The surgical mask and the N95 mask. The patient we see on hospital consults has had a stillbirth and does not want her baby to leave her side. Her family can’t visit due to COVID restrictions. And she is despondent. It is hot in the hospital room and the baby has been in with her for many hours. This is the saddest consultation ever, and the only time I am thankful for my mask.
Star Wars-themed masks. I special ordered some for my parents in Florida, too, and shipped them down.
Harry Potter-themed masks.

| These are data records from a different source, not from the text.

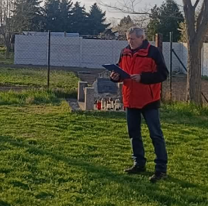 Az alapiskola udvarán található, az ismeretlen katonák emlékére felállított emlékműnél a megemlékezés egyik kezdeményezője, Tomovics Miroszláv üdvözölte az összegyűlt emlékezőket.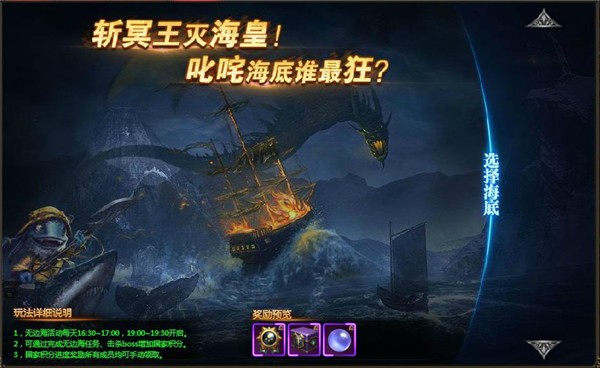 4. 无边海活动的BOSS归属于最后一击的玩家,抢到boss归属并击杀boss之后会有归属掉落。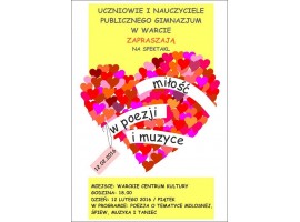 W wigilię św. Walentego młodzież z Publicznego Gimnazjum w Warcie przedstawiła w Warckim Centrum Kultury widowisko słowno-muzyczne pt. "Miłość w poezji i muzyce".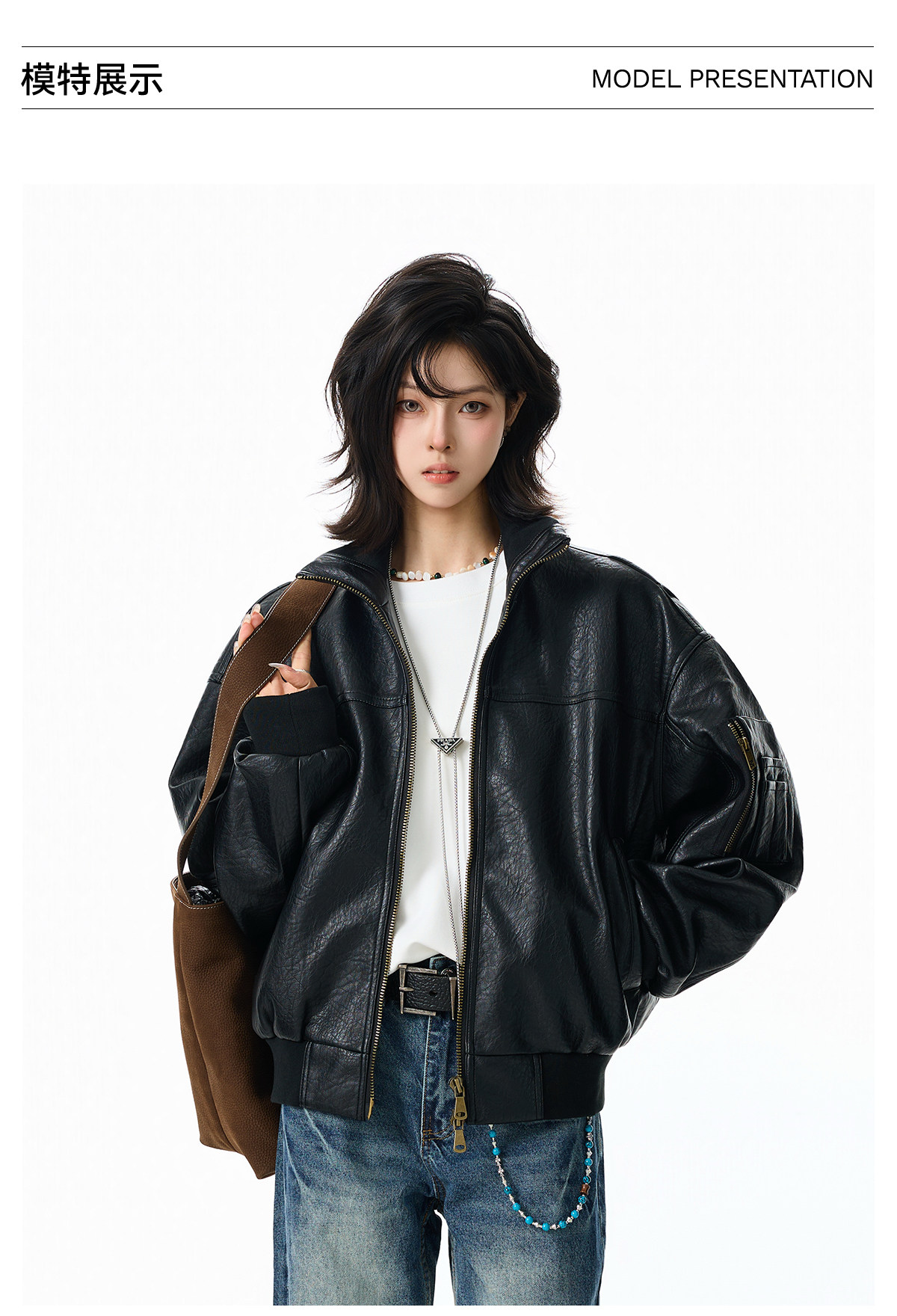 Bflc American Retro Urban Commuter Vintage Matte Texture Split Shoulder Pu Leather Jacket for Men Trendy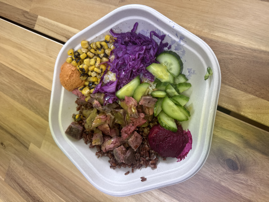 An overhead view captures a hexagonal, white, disposable food container resting on a light brown wooden surface. The container holds a multi-component meal distinctly sectioned. Visible ingredients include reddish-brown rice, diced pieces of cooked meat, light green cooked vegetables, charred yellow corn kernels, an orange-colored dip or puree, finely shredded purple cabbage, numerous slices of green cucumber, and a dark red beet puree. A solitary slice of cucumber and several grains of rice are positioned on the container's edge, outside the main food mass. The scene is located in Paleo Faliro, Greece.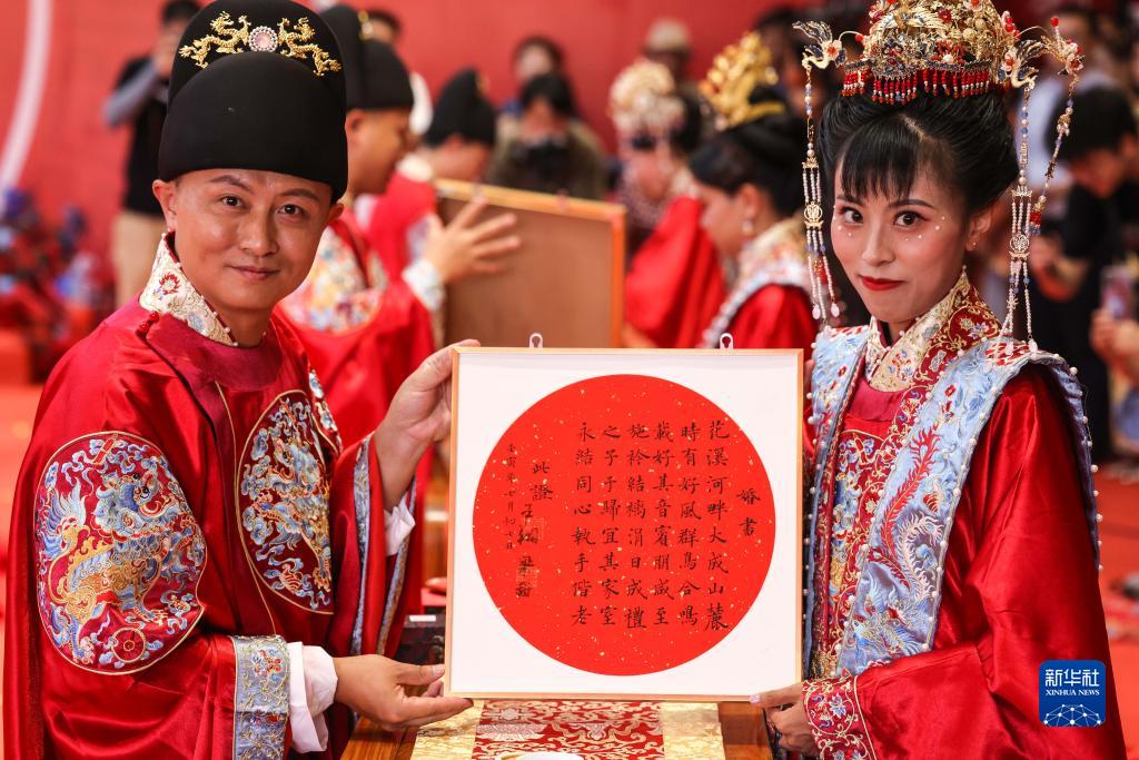 當日是七夕,2022(壬寅)年貴陽(yáng)孔學(xué)堂中華婚禮在貴陽(yáng)孔學(xué)堂舉辦,12對新人身穿中式婚服通過(guò)合巹禮、解纓結發(fā)、共書(shū)婚帖等方式完成傳統婚禮儀式。
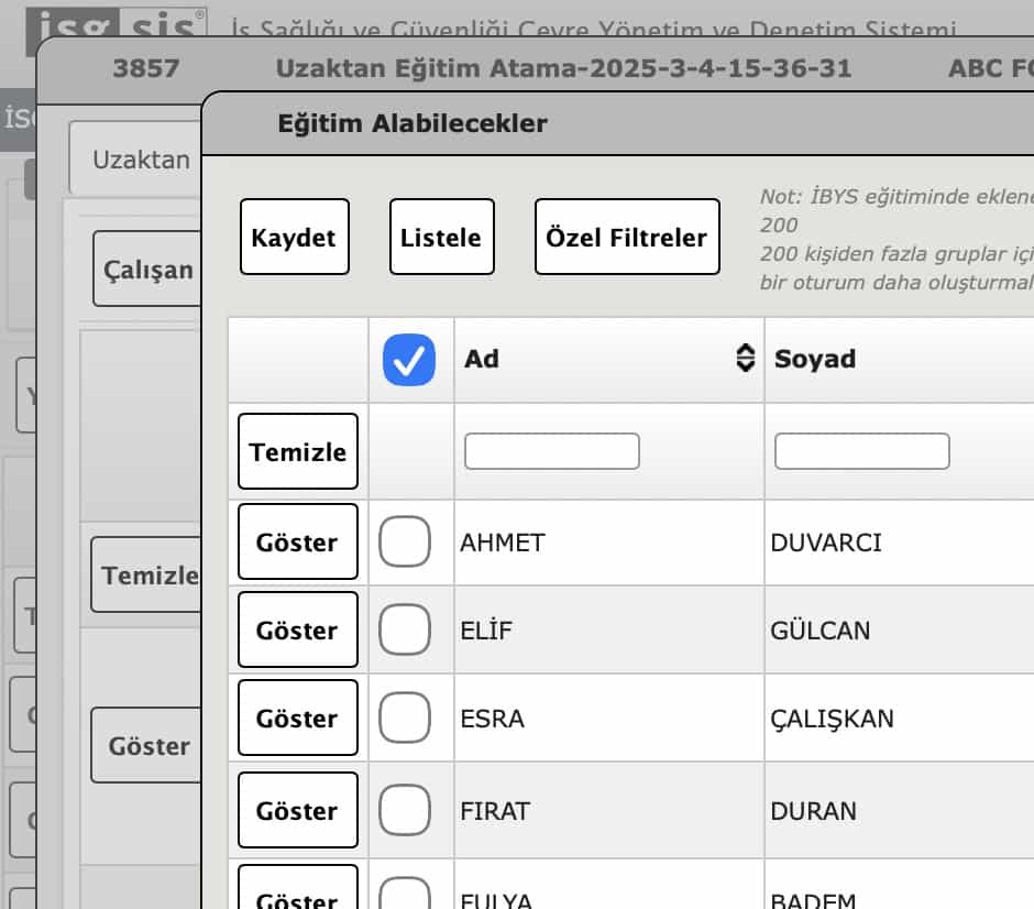 Özet | 0008924: Uzaktan eğitim eğitim alan çalışan ekle dediğimde tümünü seç tiki çalışmıyor tıkladığımda hiç seçim yapmıyor | ||||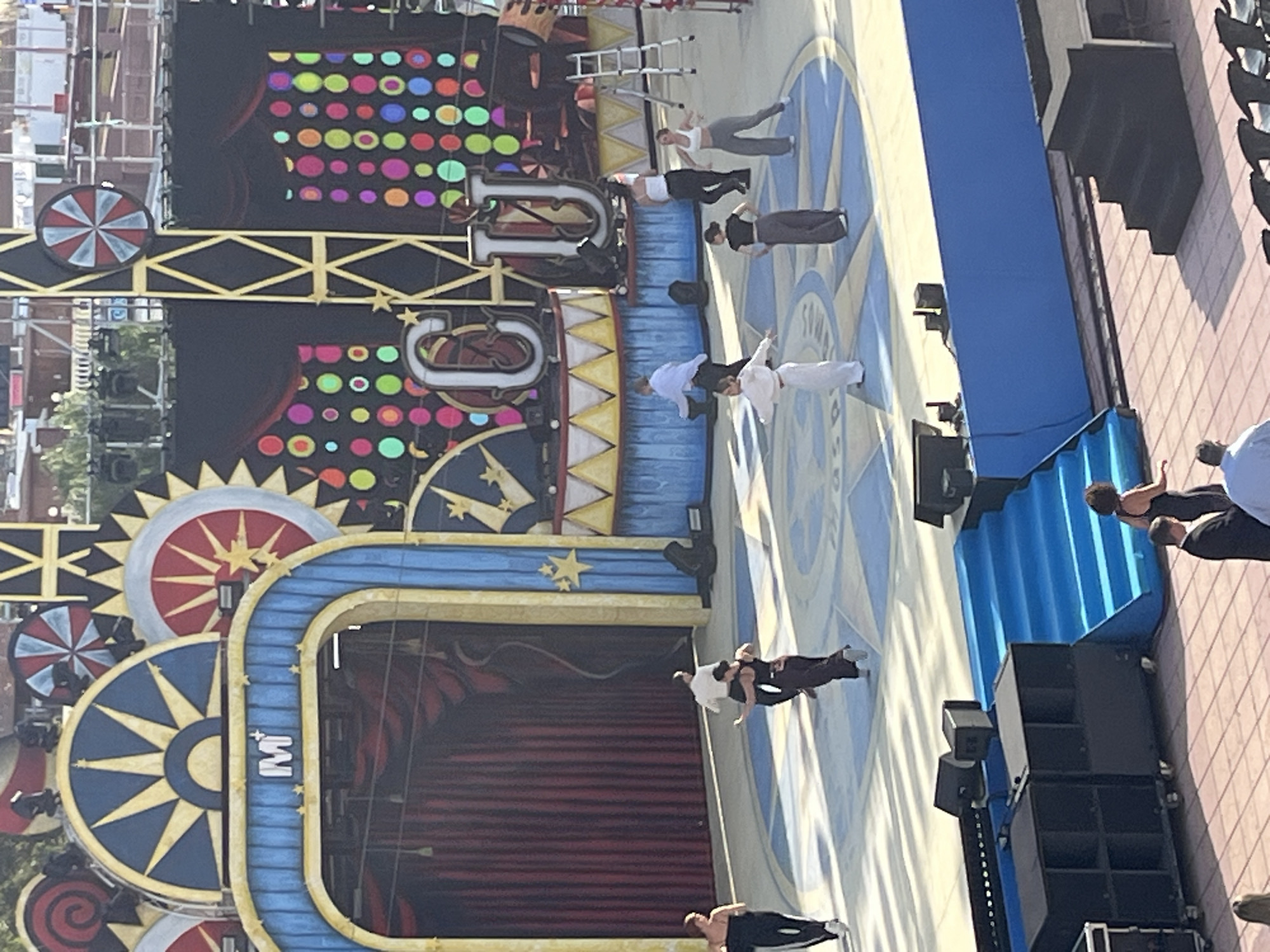 An outdoor event stage in Playa Del Inglés, Spain, is depicted from an elevated perspective under clear daylight. The stage presents a circus or carnival theme, featuring a theatrical backdrop with large, stylized pinwheels, gears, and arched structures in blue, yellow, red, and black. A central blue and yellow archway, marked with "M+" and stars, reveals a red curtain. The right side of the stage structure displays large silver letters "C" and "U" amidst panels of colorful circular lights. A silver step ladder is positioned on the far right. The light blue stage floor features a large, darker blue geometric pattern. Seven individuals are active on the stage. Five females and two males appear to be rehearsing or performing a dance. One female in a white top and white pants holds her arms outstretched. Another female, in a black top and dark pants, stands with hands on hips. A male in a white shirt and dark pants moves left. A female in a dark top and dark pants dances with another male in a white shirt and dark pants. A female in a white top and grey pants steps right. A female in a black off-shoulder top and black pants walks off stage left. The stage's front edge features black speaker stacks on wheeled platforms. Blue-covered stairs provide access to the stage on the left, and black-covered stairs on the right. A blue barrier separates the stage from the paved ground area. Several partially visible individuals, including one in a dark dress and others in casual attire, are present on the light-colored tiled ground below the stage.

In my parents’ garage in Cleveland. They’ve come back from Lauderdale-by-the-Sea because the COVID rates in their snow-bird winter home were sky high.
Summer-themed pandemic mask. My husband tells me that he can’t wear his in public because there are bikinis in the fabric pattern.
Ruth Bader Ginsberg pandemic mask. We find out about ICE performing involuntary hysterectomies on women. RBG is dying.
Halloween-themed pandemic mask. I get, at no small cost, a mask for my husband with characters from “It’s the Great Pumpkin, Charlie Brown.” It doesn’t fit right.
Light blue pandemic mask. It turns out that it looks too much like the hospital masks and was not such a great purchase.
Christmas-themed pandemic mask.
Vera Bradley purple pandemic mask. It is my birthday and I get myself a special treat in lieu of, you know, getting to see the kids in person even once in the past year.
Valentine’s Day-themed pandemic mask.
Super-cool PADI masks with SCUBA-diving themes on them. They’re even made out of recycled ocean plastic. I buy enough that I’ll be able to give them to the children, too, to remind them of our many diving trips together. But then I realize that by the time I see them, in real life, back in Cleveland from London and Tokyo, maybe they really won’t need masks?
My red and blue The Beths pandemic mask. While visiting my parents in their garage again in the rain. Yes, we’re all vaccinated now. But my husband and I are physicians who work in hospitals. And we worry about any risk to my parents. The Beths is my favorite New Zealand band, and the mask reminds me of when we saw The Beths on tour in Akron in July 2019 just after we moved back from New Zealand to Cleveland, before all these masks. And New Zealand has taken the virus seriously, has effectively managed the pandemic. But we don’t live there anymore. Now we sit in the garage with our New Zealand masks on. And we wait for another week of working in the hospitals.